| Title | Better Unicode compliance in TeX |
|---|---|
| Student | Arthur Reutenauer |
| Mentor | Eric Muller |
| Abstract | |
|
The well-known program TeX, and its extensions, have always had an outstanding tradition of producing beautiful documents, but they have paid less attention to other end, the input stream. Direct UTF-8 input has only been made possible fairly recently, by two extensions to the TeX engine called LuaTeX and XeTeX (of course, TeX could already process UTF-8-encoded text thanks to appropriate macros). General support for Unicode properties is rather poor.

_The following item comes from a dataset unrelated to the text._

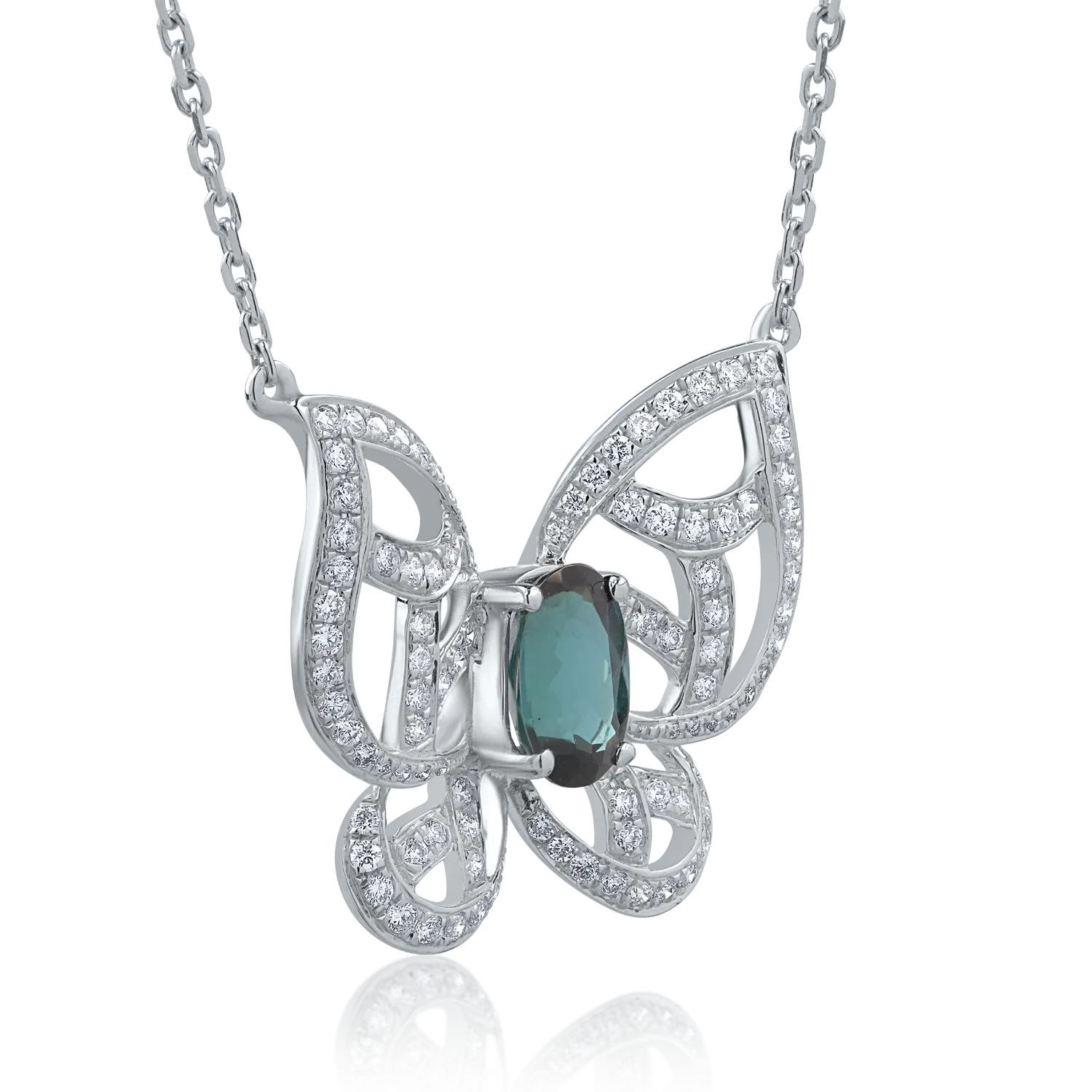 Colier cu fluture din aur alb cu turmalina verde ovala de 1.12ct si diamante de 0.54ct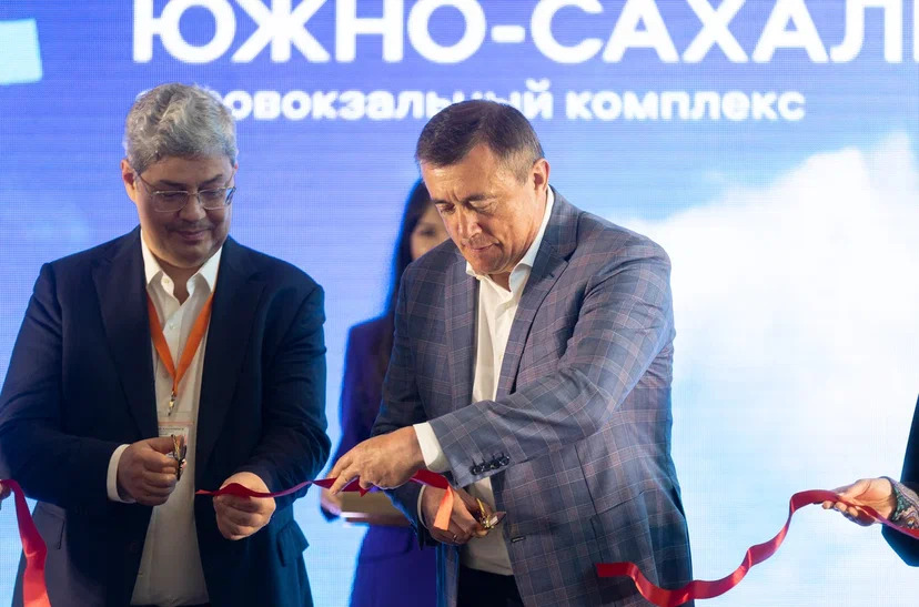 В операционном зале нового аэровокзального комплекса губернатор Сахалинской области Валерий Лимаренко и председатель совета директоров АО «Восточные Ворота Страны» Алексей Васильченко торжественно перерезали ленту в честь значимого для региона события.

My project is to investigate the current state of Unicode support in TeX, and implement improvements for different aspects of Unicode compliance, as defined in chapter 3 of the Unicode Standard. Since complete compliance is probably too much for such a project, I have sorted out a few points which have seemed the most interesting to me: handling of combining characters (in conjunction with normalization, see UAX #15, http://www.unicode.org/reports/tr15/), bidi algorithm (UAX #9), and issues related to hyphenation (UAX #14, line breaking properties, and UAX #29's section about word boundaries). I have already made some experiments about normalization in LuaTeX with ConTeXt (link below), but I will do my best to implement the same algorithms in XeTeX as well, because it seems essential to support both those engines, be it only because each one of them implies a particular philosophy and perspective on TeX programming: support for LuaTeX could be done entirely at the macro level, mostly with Lua code, whereas XeTeX would probably require adding new primitives and modifying some of the libraries it uses, in particular ICU. |
|